Luter said he was surprised to have been unopposed, given the size of the 16 million-member organization and the fact that it's an election year, but the support he received from the floor "just brought tears to my eyes."

His election comes 17 years after the convention apologized for the denomination's onetime support of white supremacist and segregationist policies.

He told CNN on Wednesday that the organization's history cannot be denied, but he noted that "every one of us has a history ... there's nothing we can do about our past, but there's a lot we can do about our future."

Following what Luter called his 1977 "Road to Damascus" moment, referring to the apostle Paul's conversion experience in the Bible, he began preaching on a street corner.

"With no church to preach in, Luter set up shop every Saturday at noon on the corner of Galvez and Caffin Avenue, where he would preach to anyone who would listen," according to a biography posted on the Franklin Avenue Baptist Church website.

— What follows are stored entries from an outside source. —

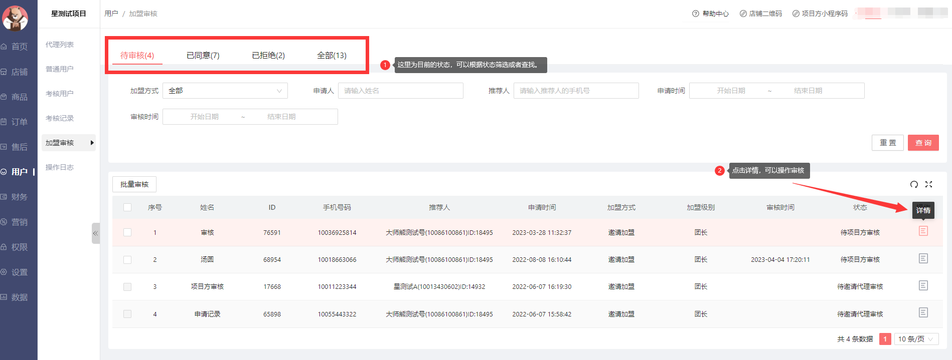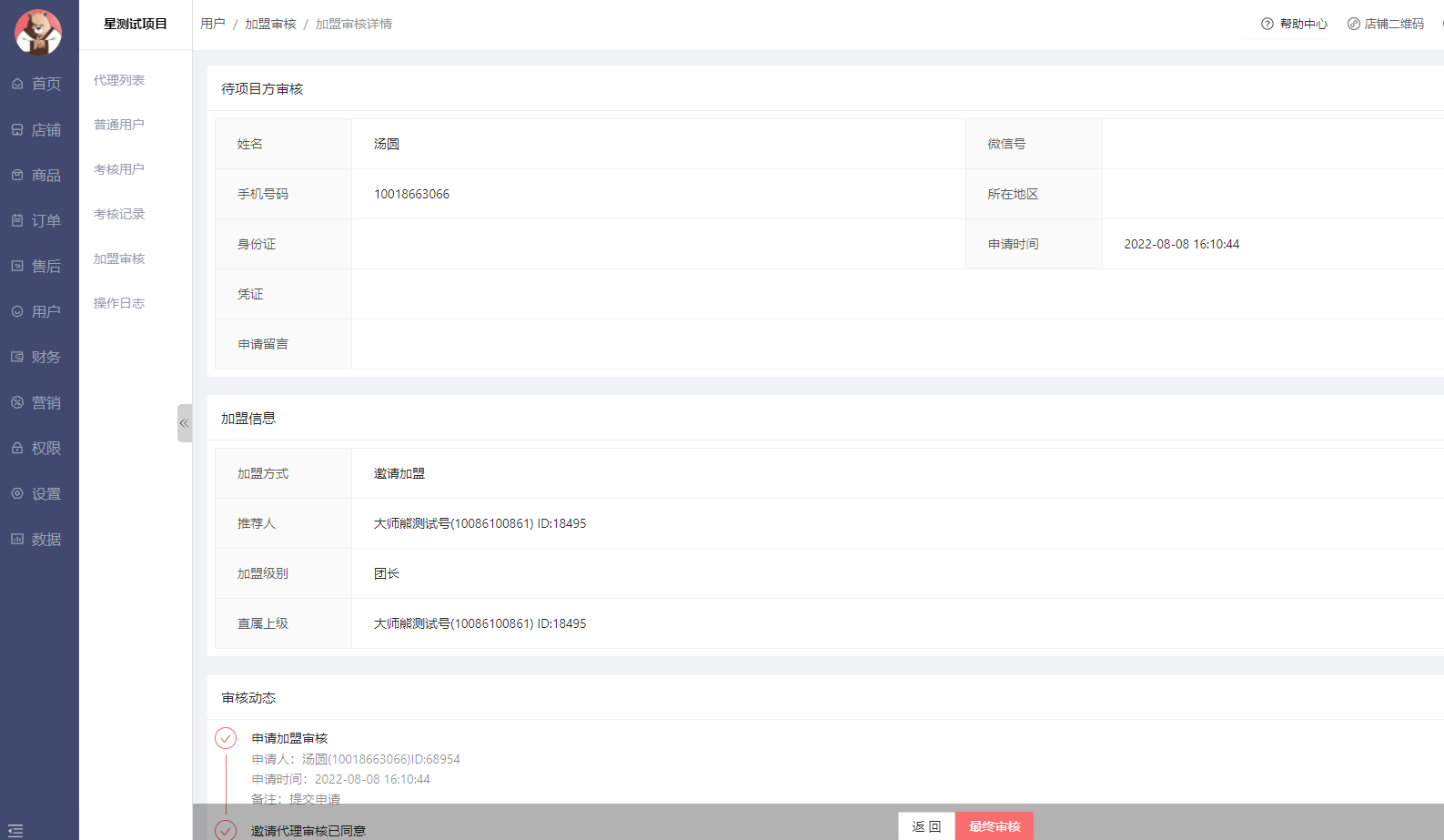 加盟审核通过代理发送邀请链接,用户点击邀请链接注册后,需要项目方或者代理审核的用户。列表显示如下: 点击详情可以操作审核: 点击最终审核,会弹出二次确认的页面。 最后,确定。确定同意后,这个用户就会自动出现在考核用户列表中,同时在代理列表,显示的是准团长。作者:admin 创建时间:2023-03-09 11:54最后编辑:admin 更新时间:2026-03-31 17:07
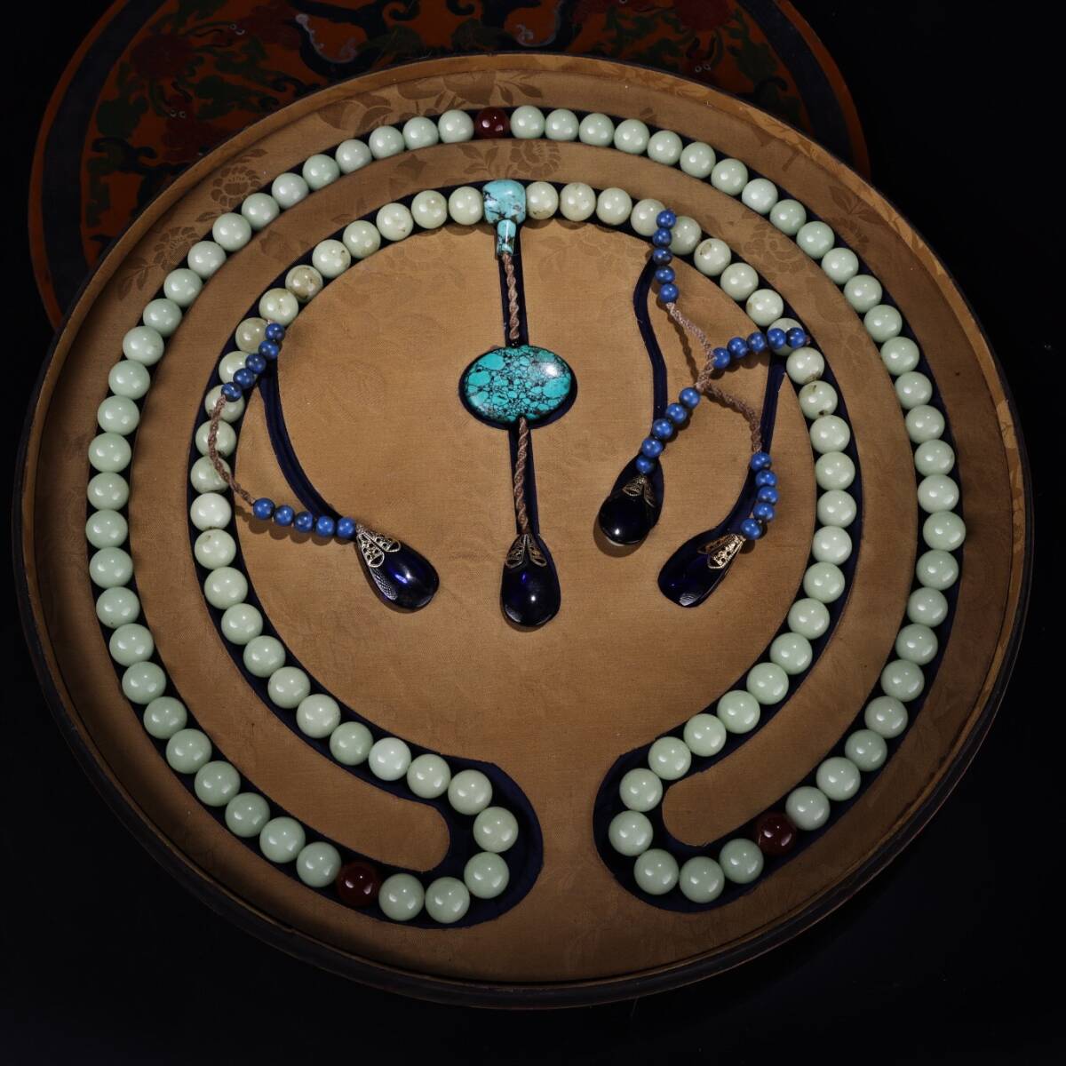 - 【超珍館蔵】夜光石細密彫 朝珠 彩繪 神獣紋 漆器箱付 根付 裝身具 古賞物 古董品 古美術品 時代物 旧家蔵出 稀少珍蔵品
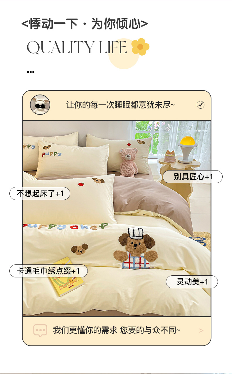 商品名称:(总)丽美人家纺 2024新款水洗棉毛巾绣卡通四件套

In 1983, he preached his first church sermon at the Law Street Baptist Church in the Upper Ninth Ward of New Orleans. By 1986, he was preaching regularly at Greater Liberty Baptist Church when he heard about the opening at Franklin Avenue.

Once an all-white church, the Franklin Avenue congregation changed to mostly African-American members as urban renewal resulted in whites leaving the neighborhood, the church's website says. When Luter was approved as its new pastor, the church had 65 members and was "struggling."

But Luter implemented an outreach strategy known as "Frangelism," according to the church. The "Fran" stood for friends, relatives, associates and neighbors.

He also focused on bringing men into the church, reasoning, "The man is the family. If he comes to church he's going to bring his family with him," according to the church biography. To foster male church involvement, Luter would have men over to watch a sporting event and "then make his pitch for God," the church said.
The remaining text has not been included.